12Il reste encore bien des formes de parentalité à la marge rappelées au début de cette introduction qui n’ont pas été explorées dans ce numéro, par exemple les parentalités inversées sous les différentes formes de parentification des enfants dans des contextes qui peuvent être très différents en Occident (« l’autorité de l’infantile », selon la formule de Daniel Marcelli) ou en Afrique (cf. les enfants dits « chefs de famille » au Burundi). Les situations de parentalité présentées ici, aussi marginales soient-elles sur le plan psychique ou social, se situent toutes dans la norme juridique puisqu’elles respectent la dimension instituée de la filiation. Or les parentalités falsifiées et transgressives existent aussi dans les familles incestueuses ou violentes avec des effets d’annulation subjective de la parentalité, voire de la parenté, par les filles et les fils victimes qui témoignent le plus souvent n’avoir plus de père ou de mère après de tels actes. La réflexion clinique et l’élaboration théorique des processus inhérents à ces diverses formes de parentalité restent donc ouvertes, de même que celles des dispositifs et des modalités relationnelles engageant les professionnels intervenant dans le soin ou la prévention.
13Hors dossier, Delphine Bonnichon interroge les résonances inter-fantasmatiques dans le lien mère-enfant induites par une maladie incurable chez le bébé et leur infiltration dans le lien famille-soignants. Elle retrace les étapes traversées par l’enfant et sa mère et explique que ce que vit ce couple mère-bébé impacte le vécu des soignants et colore le lien qui unit famille et institution. Cet article centré sur l’intrication entre vécus des familles et des soignants ouvre des pistes sur les prises en charge mieux-traitantes pour tous.
14Dans un autre article en rebond au numéro sur les supervisions, Jeannine Duval Héraudet retrace les trois premières séances d’analyse de la pratique avec une équipe travaillant dans un service d’aide par le travail destiné à des personnes en situation de handicap. Elle évoque les peurs, les mécanismes de défense et les résistances du groupe et analyse son contretransfert et ses effets sur sa posture de superviseur, sur la manière dont elle intervient et sur les effets de ses interventions.

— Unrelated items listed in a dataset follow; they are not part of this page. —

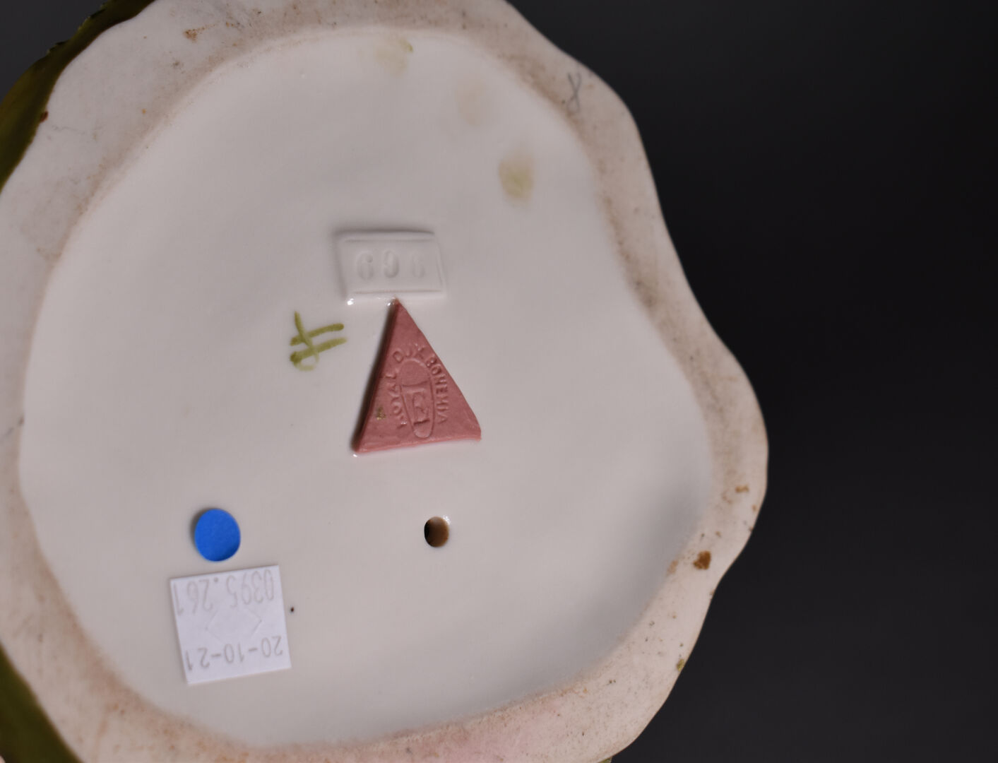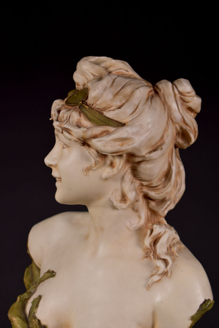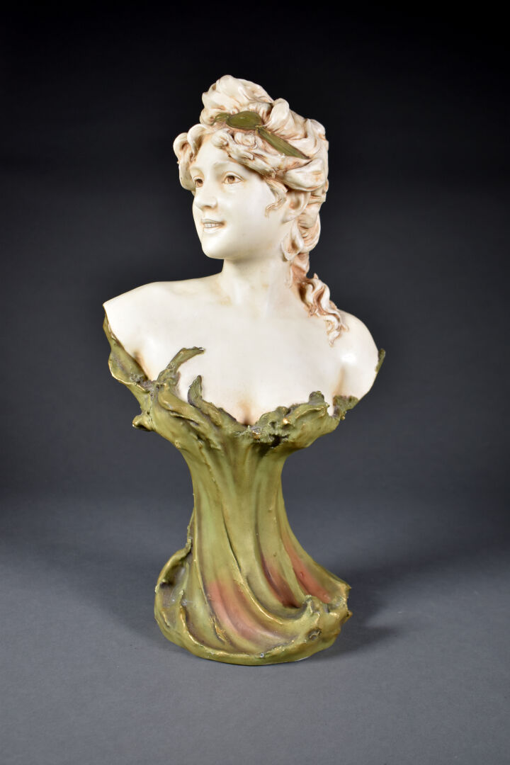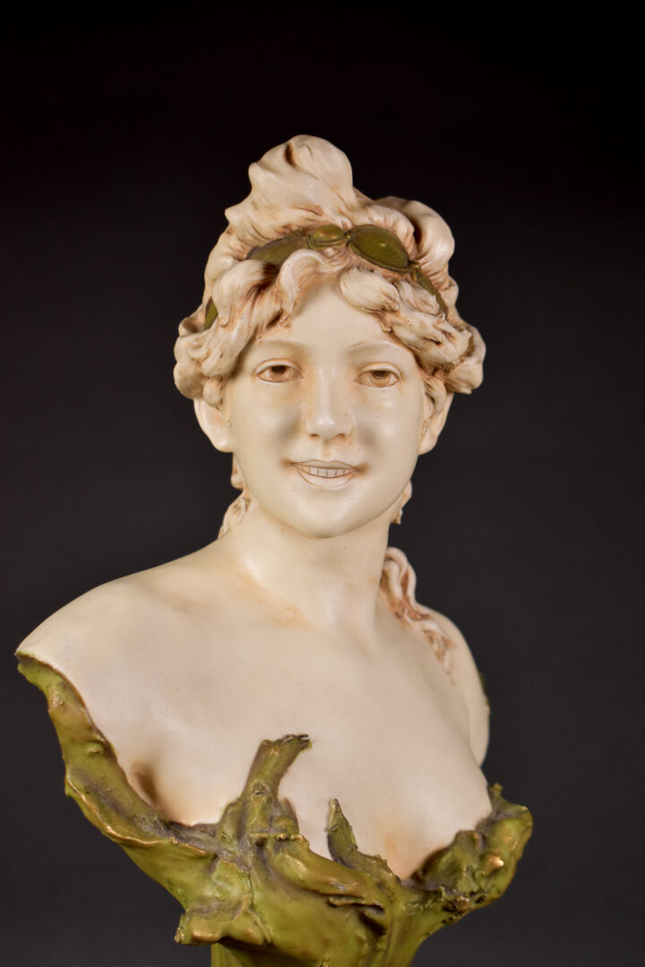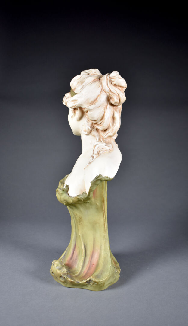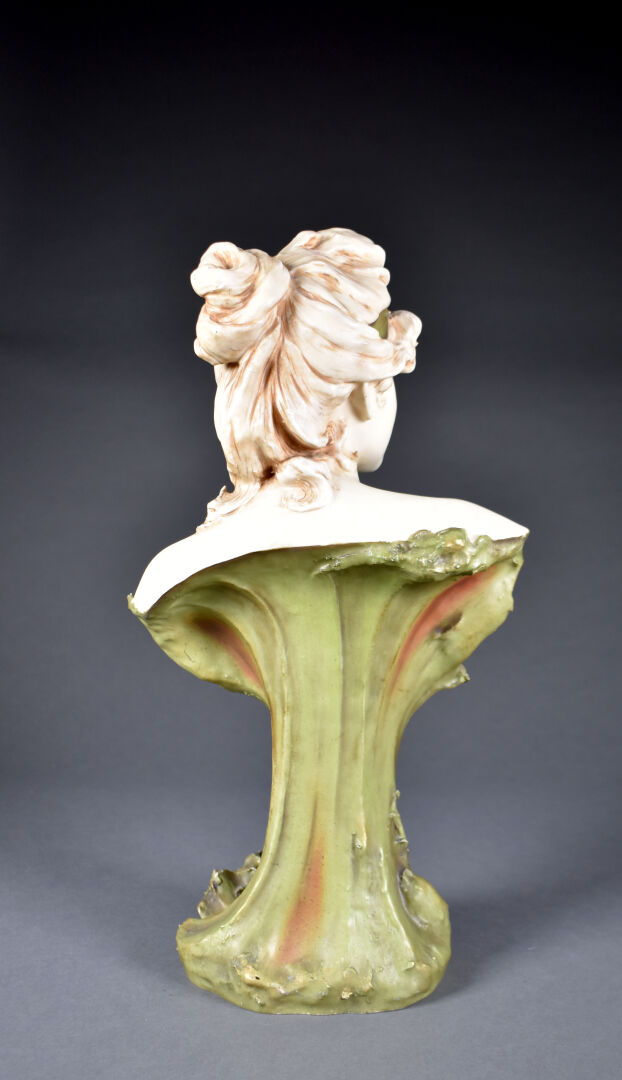 ROYAL DUX BOHEMIA. Buste de femme aux cheveux noués, sur piédouche, en céramique partiellement émaillée vert et or (égrenures). Marqué au-dessous et numéroté 969. Haut. 47 cm.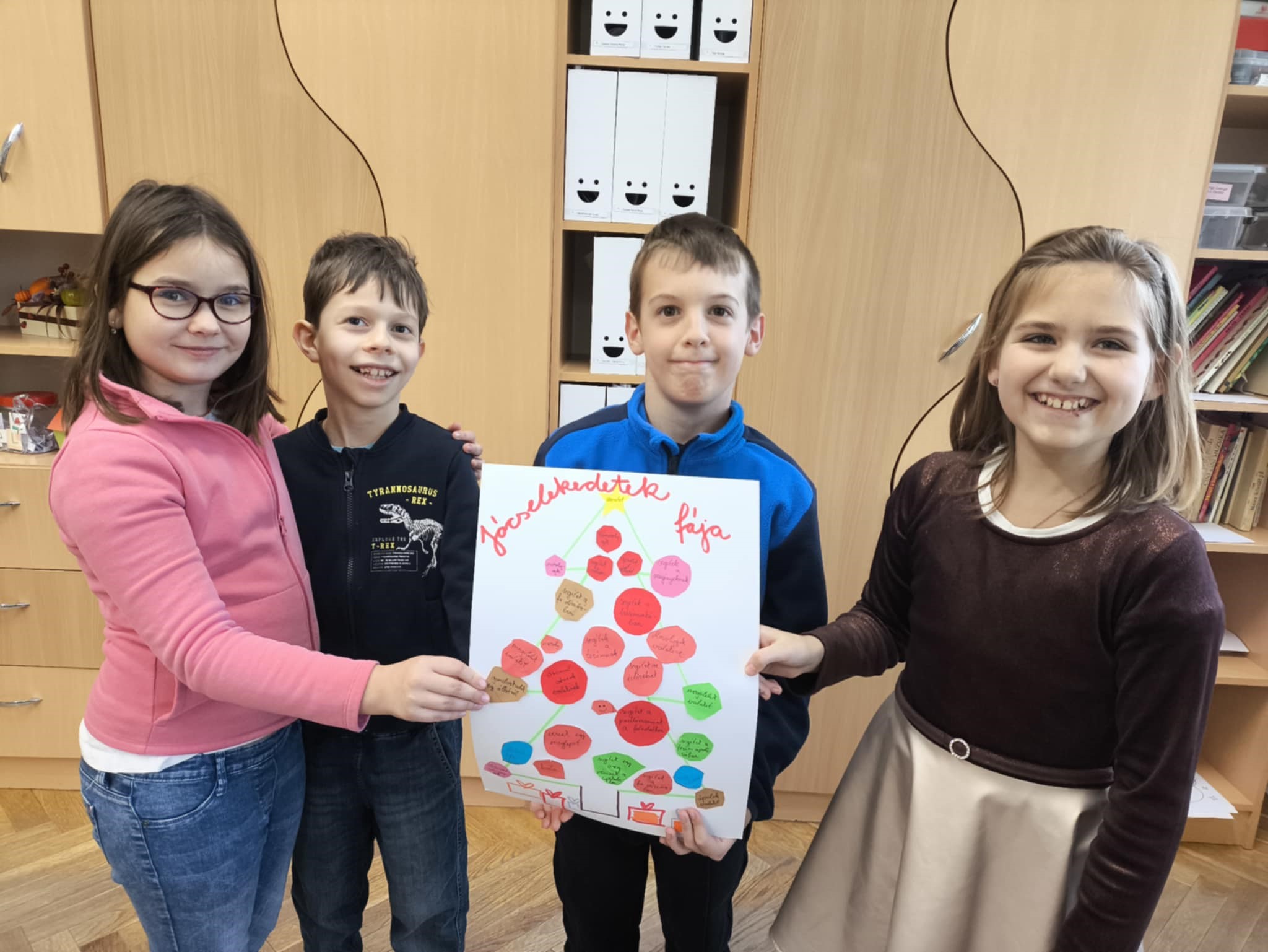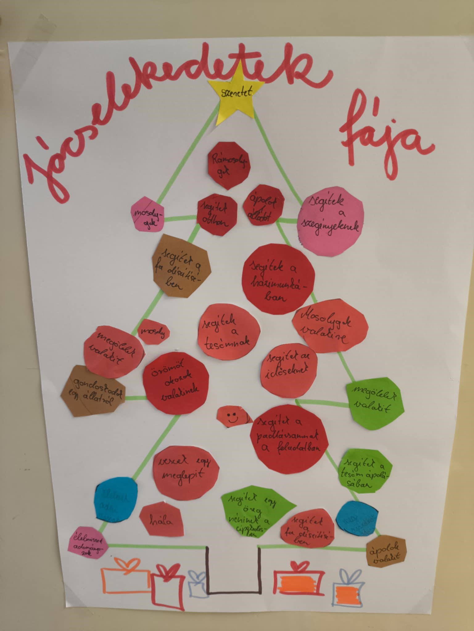Boldogságórán a jócselekdetekről beszélgettünk, majd pedig feldíszítettünk egy karácsonyfát a díszekre írt jócselekedeteinkkel. Tetteinkkel a hónap folyamán a jó cselekedeteket erősítettük egymásban.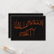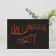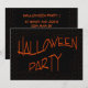 Invitation à la fête d'Halloween orange et noir. Ajoutez vos propres détails d'événement au verso de la carte d'invitation.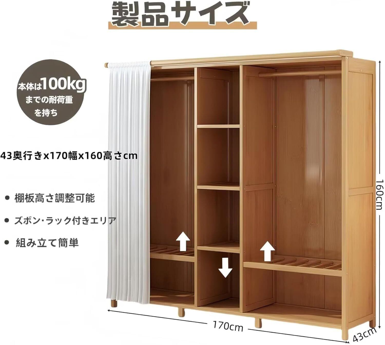 サイズ 170x43x160.6cm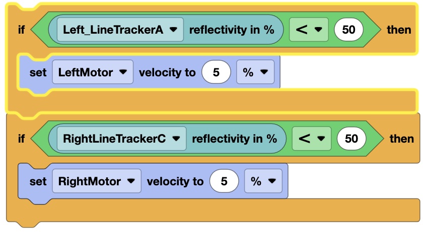 Line Sensor: IF/Then Statement to allow the robot to follow a white line.
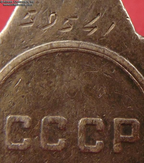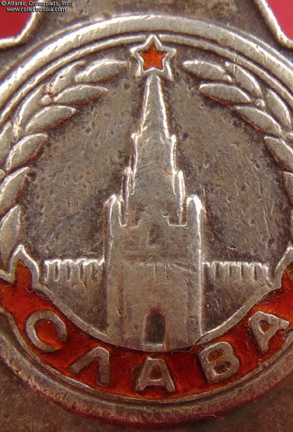 Silver, enamel; measures 48.1 mm in height incl. eyelet, 46.0 mm in width; weighs 24.3 g without suspension and connecting link. Note the low, 5-digit serial number. Features an early version of the medallion with the Kremlin tower touching the edge of the red scroll, arch under the clock without the horizontal bar in its upper portion, and the "windows" on the left and right of the arch having small vertical lines not reaching the bottom of the windows (the latter are admittedly hard to see on this specimen due to wear).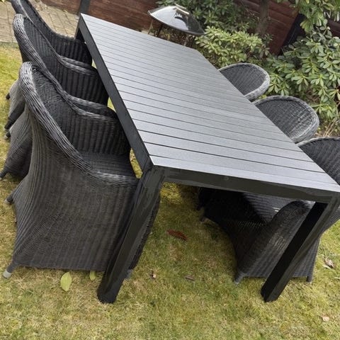 Havebord rektangulært med 8 fletstole grå og sort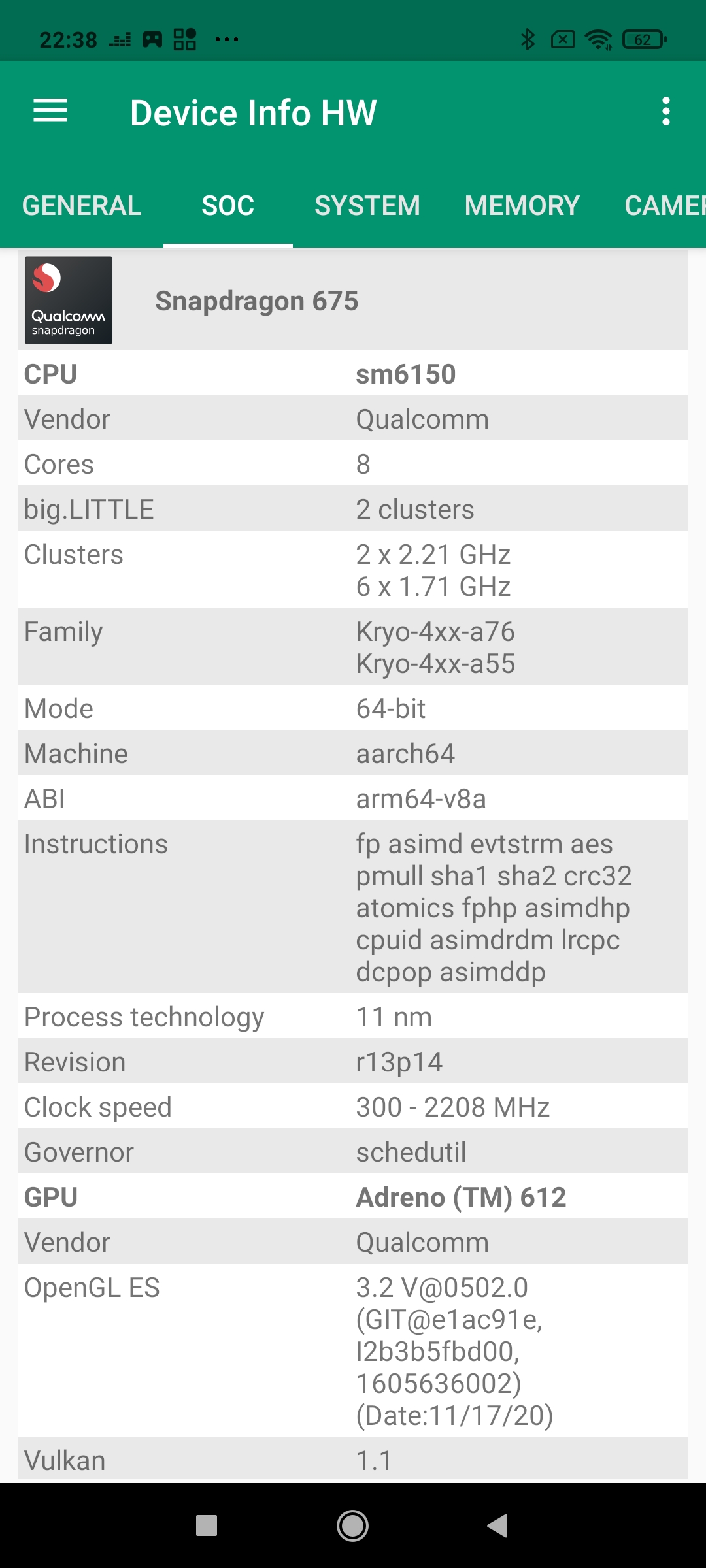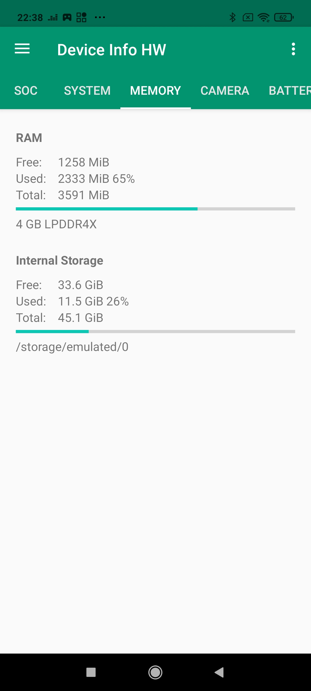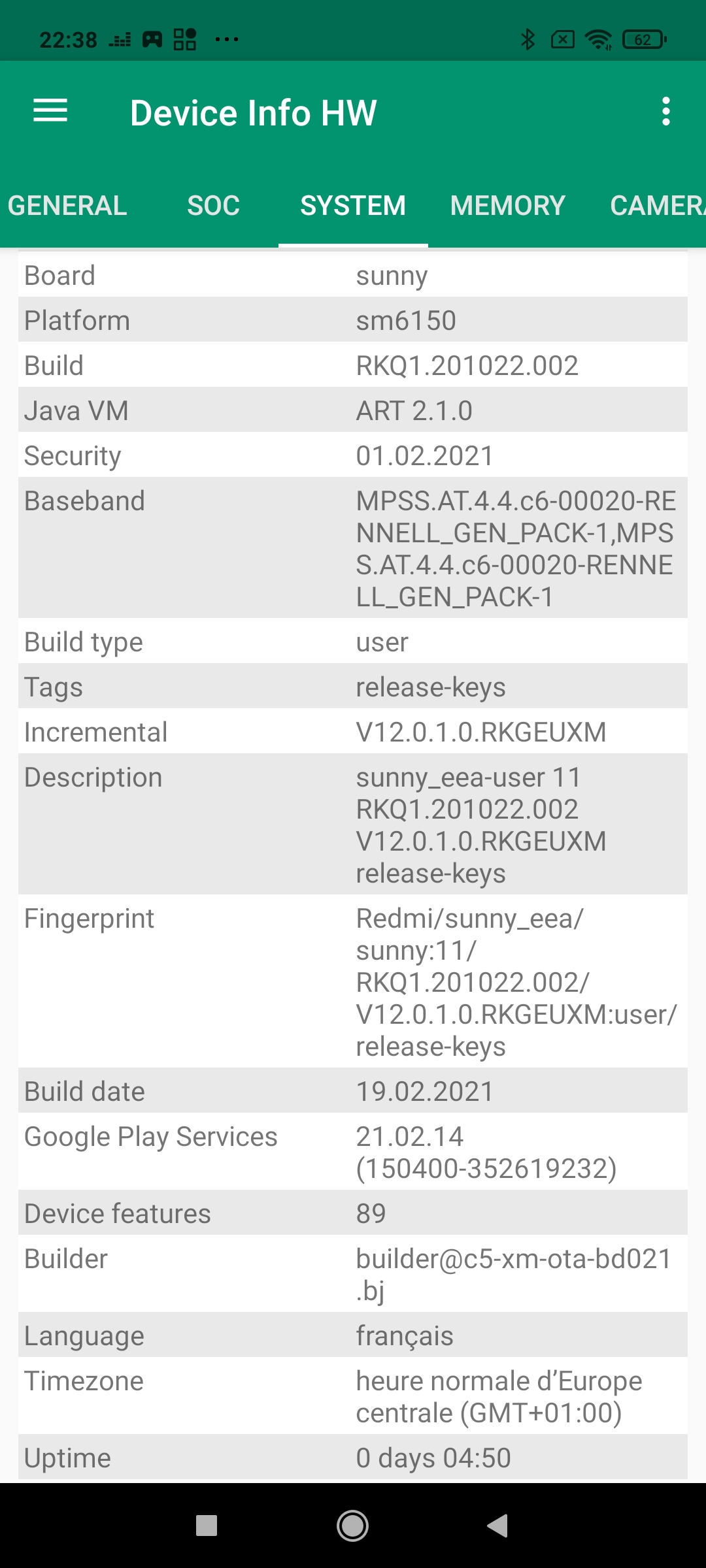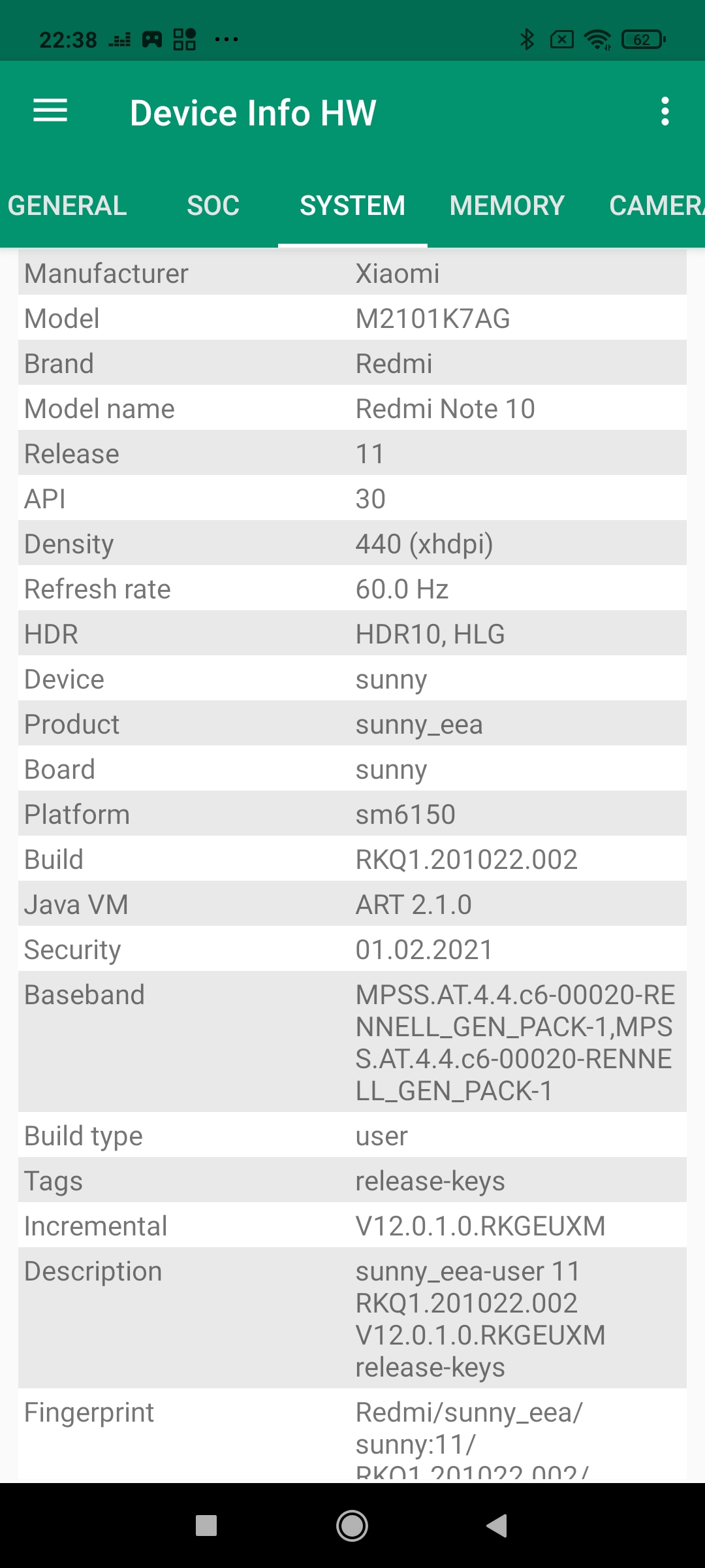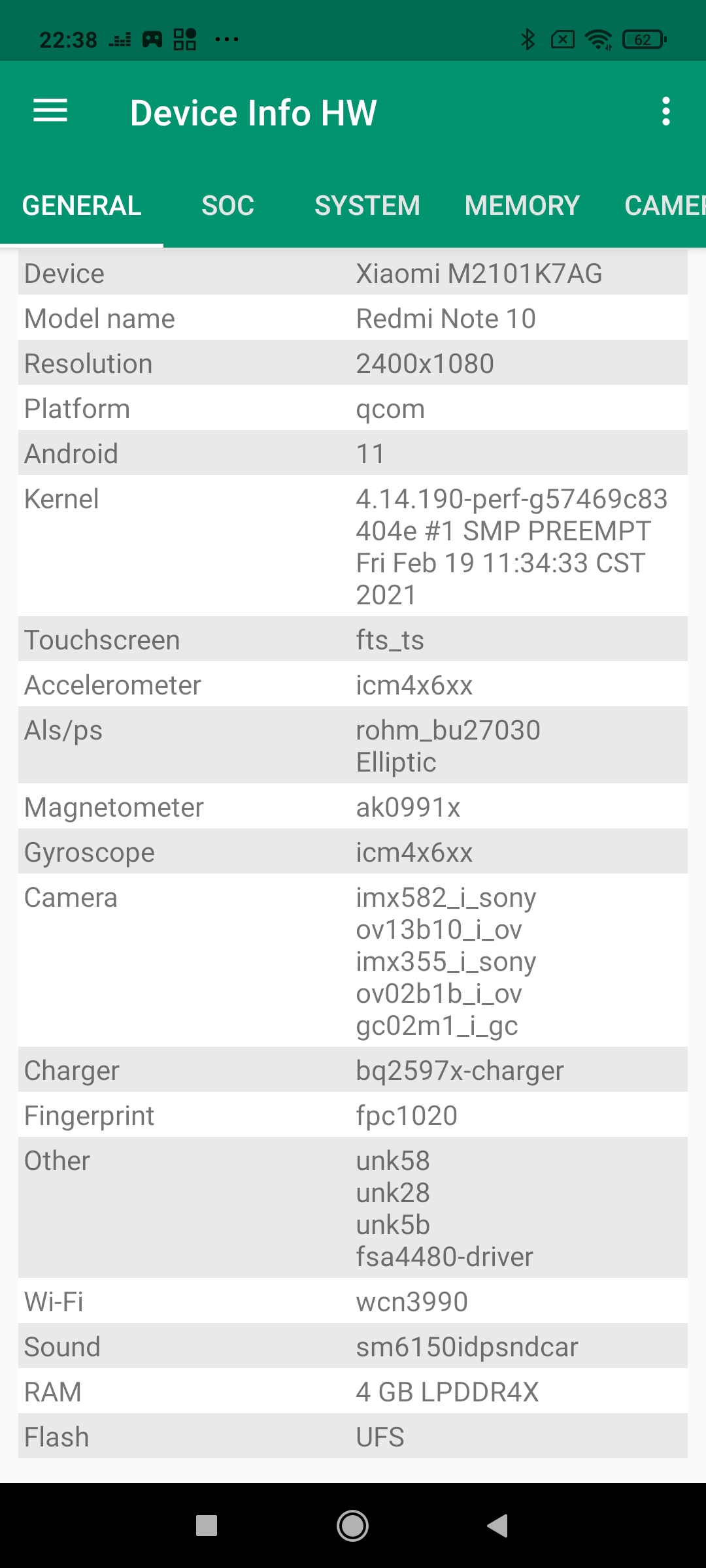 Les informations ci-dessous proviennent de l'application Device Info HW. L'application fournit des informations techniques détaillées sur le téléphone testé.J'ai acheté le Redmi Note 10 dans sa version 4 GB / 64 Gb (couleur Onyx Grey).

15D’une manière originale, à partir d’une clinique d’écoute dans un centre recevant des appels de femmes maltraitées, Olivia Pinto s’interroge sur le sentiment d’urgence vécu par celui qui écoute et par celui qui est écouté. Elle évoque le risque de la sidération qui peut saisir celui qui écoute et celui qui appelle ; elle ouvre des pistes pour la dépasser, faire avec, contenir psychiquement et dans le lien ce sentiment d’urgence. À partir de deux cas cliniques, en s’appuyant sur la théorie de Bion qui traite du « vécu catastrophique » comme expérience émotionnelle de la première rencontre avec l’objet primaire, elle se vit comme une mère « apte à rêver » qui viendrait limiter ce « vécu catastrophique » et le transformer en expérience de frustration tolérable nécessaire à l’émergence de la pensée.